The military chopper came in to land. Cutter, Connor and Abby felt the rock and sway as the big bird descended and settled in. The heavy rotors were thumping the air, part whip crack, part thunderbolt.
With a final and quite violent bump, they were down. Koshkin got up and wrenched open the hold’s side hatch, which rolled back with a clatter on metal runners. The sound of the rotors poured in, but immediately began to diminish.
Stale, yellowish daylight poured into the hold.
“Get up!” Koshkin ordered.
Medyevin was already up. Cutter, Connor and Abby got to their feet. Above the exhaust fumes, Cutter could smell wet ground and conifers.
They moved to the hatch and clambered out. The huge twin rotors of the heavy helicopter were still chopping overhead.
They climbed down into a twilight that could only be dawn.

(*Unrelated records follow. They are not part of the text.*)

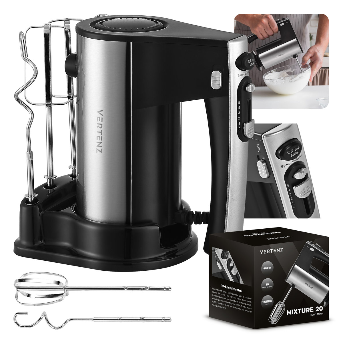 Mikser Vertenz Mixture 20, 10 prędkości, stalowe haki i mieszadła, 4 końcówki, ergonomiczna rączka, system chłodzenia
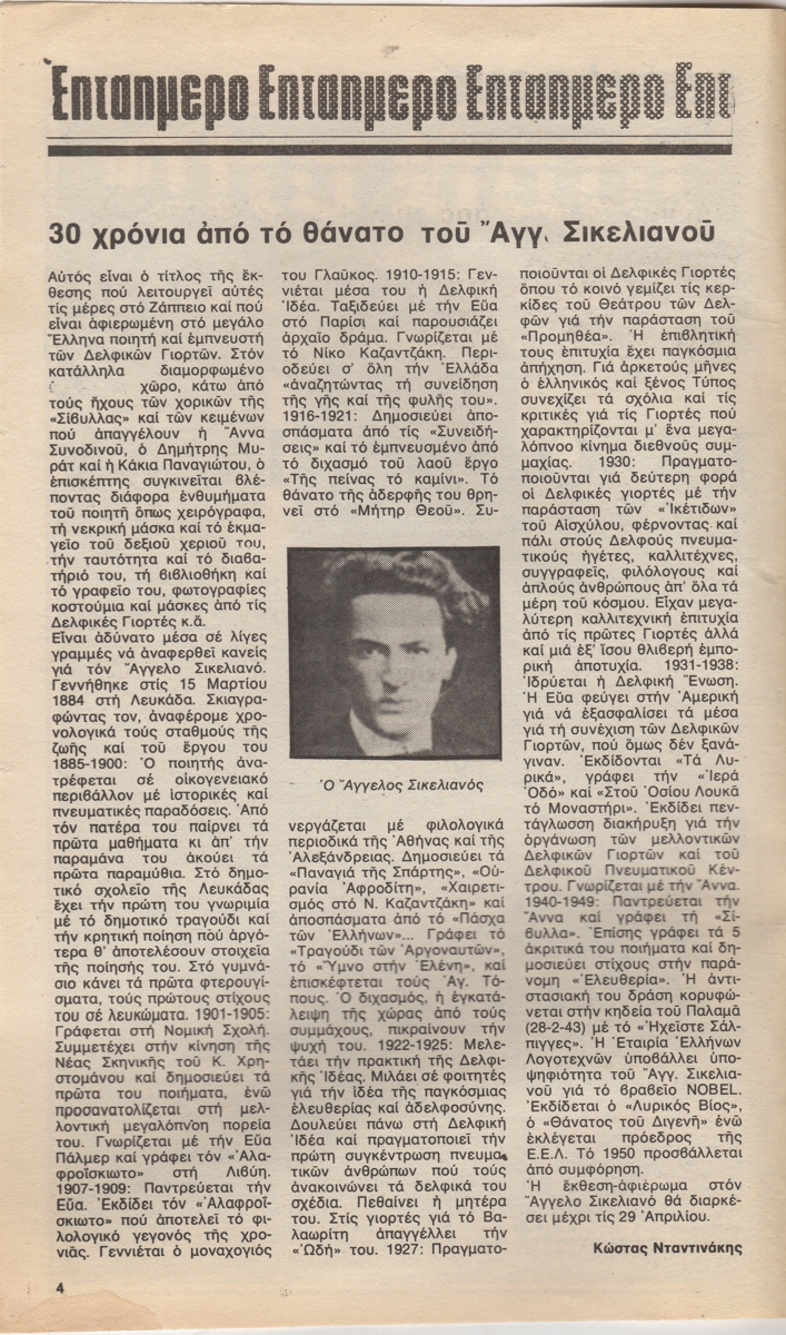Κείμενο/άρθρο, χαρτί, 22×13,5 εκ., στα ελληνικά, αφιερωμένο στα 30 χρόνια από το θάνατο του Άγγελου Σικελιανού. Σχολιάζεται το ποιητικό του έργο και οι “Δελφικές Γιορτές”, που διοργάνωνε με την υποστήριξη της συζύγου του Εύας. Εικονογραφείται και εντάσσεται στη στήλη “Επταήμερο” του εντύπου.
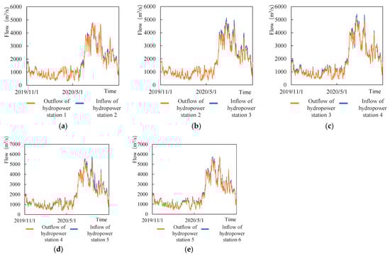 Comparison diagram of each hydropower station between inflow and upstream outflow. (a) Comparison of station 2’s inflow and upstream outflow; (b) Comparison of station 3’s inflow and upstream outflow; (c) Comparison of station 4’s inflow and upstream outflow; (d) Comparison of station 5’s inflow and upstream outflow; (e) Comparison of station 6’s inflow and upstream outflow.
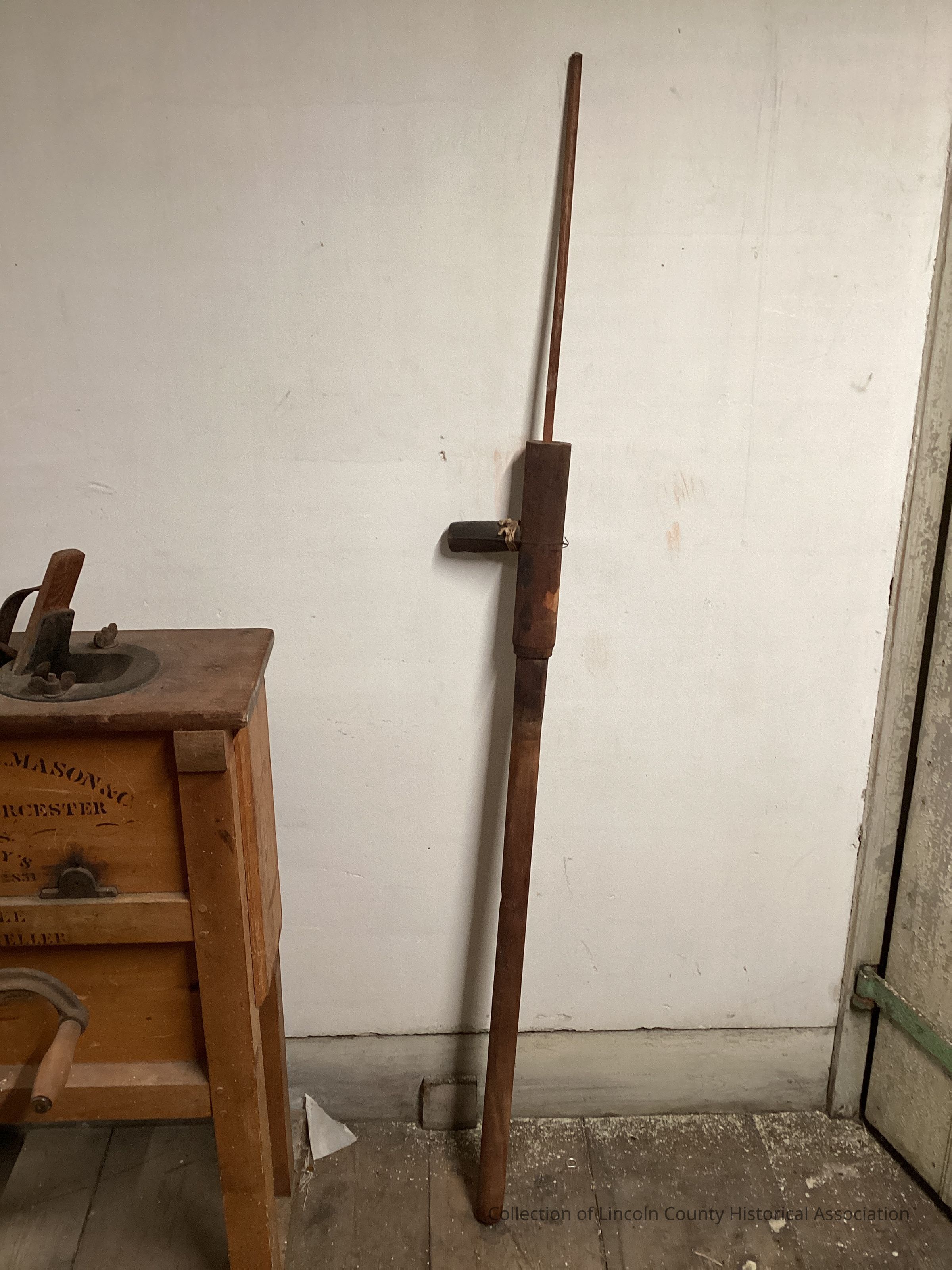 Wooden bilge pump consisting of a long, thin, hollow wooden tube inserted into a shorter but wider tube that has a round hollow block attached.Made/Created
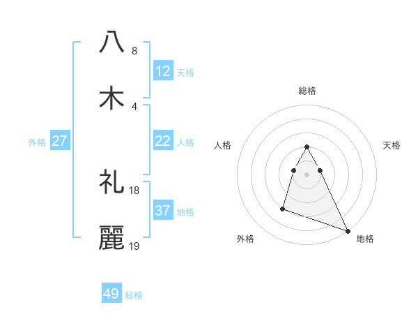 八木 礼麗さんを姓名の画数から五運を鑑定
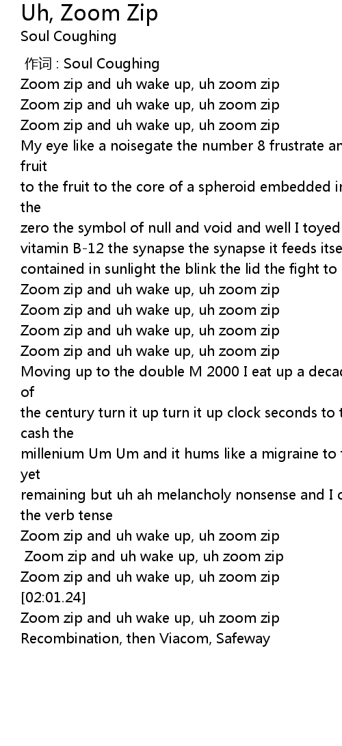 | [00:00.00] | Zoom zip and uh wake up, uh zoom zip |
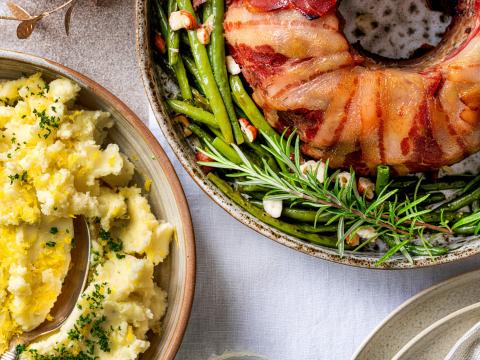 Gehaktbroodkrans met citroenpuree en krokante prinsessenboontjes
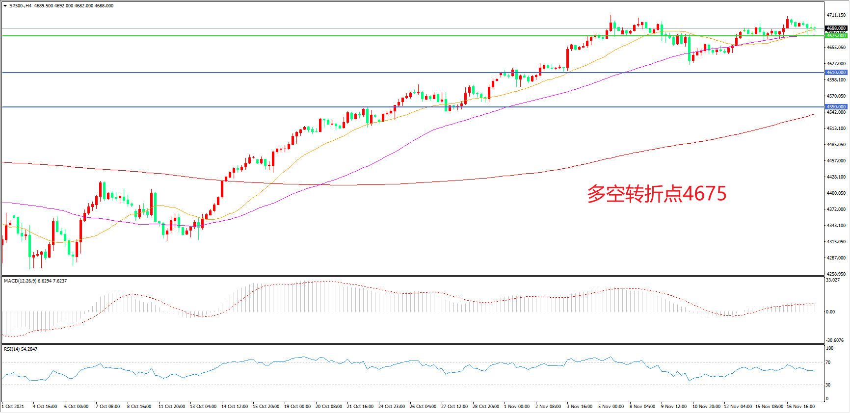 4小时图看,标普500以4675一线为依托窄幅震荡,短期波幅不大,均线系统粘合形成支撑,MACD红柱增加,RSI指标走平,日内震荡上行概率较大。
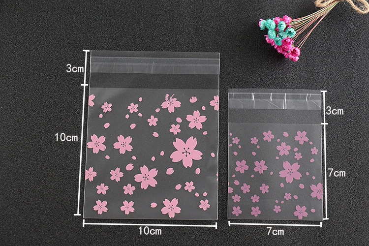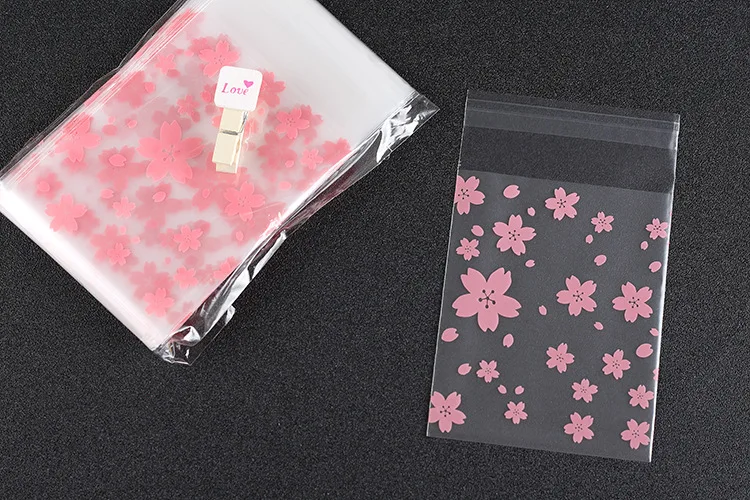 100 шт. пластиковые прозрачные матовые вишневые конфеты упаковочный пакет для печенья самоклеющиеся пакеты для выпечки, свадьбы, дня рождения
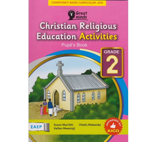 Great Minds Christian Religious Activities Grade 2. Pupil’s Book, is a comprehensive course based on the new Competency-Based Curriculum, 2018 for primary schools. This course has been developed to enable learners to apply Biblical teachings to daily living. This Grade 2 book is presented in a simple manner. Learners at this level will enjoy using it. Here, the teacher becomes a facilitator of learning and not simply a source of knowledge. The key features of this book include: • A simple approach to language and presentation that is easy to follow. • Relevant, well drawn full colour illustrations. • A variety of competency-based learner-centered activities that help the learners to develop a wide range of skills. Suggestions for parents and teachers to be involved in the continuous learning process at home. Songs, verses, poems and prayers that help the learners to understand the content within this book. Indoor and outdoor activities that learners do in pairs and in groups as they help each other to learn. The book has an accompanying Teacher’s Guide. The authors are Christian Religious Education teachers with vast experience.

The sky was yellow from a pale sun that was not quite risen. Morning mist hung in the air, and it was cold and damp. Everything seemed a little undernourished and starved for light.
They’d come down on a makeshift landing strip near some woods. Off the strip, through the mist, they could see accommodation tents and several military vehicles. On the other side, two large military freight planes were parked off the landing area and beside them sat a vespine helicopter gunship. All three aircraft were lashed down.
Outside the immediate camp, they could see deeper forest shrouded in a soft, yellow mist. Ground crew and military personnel were approaching the cargo chopper.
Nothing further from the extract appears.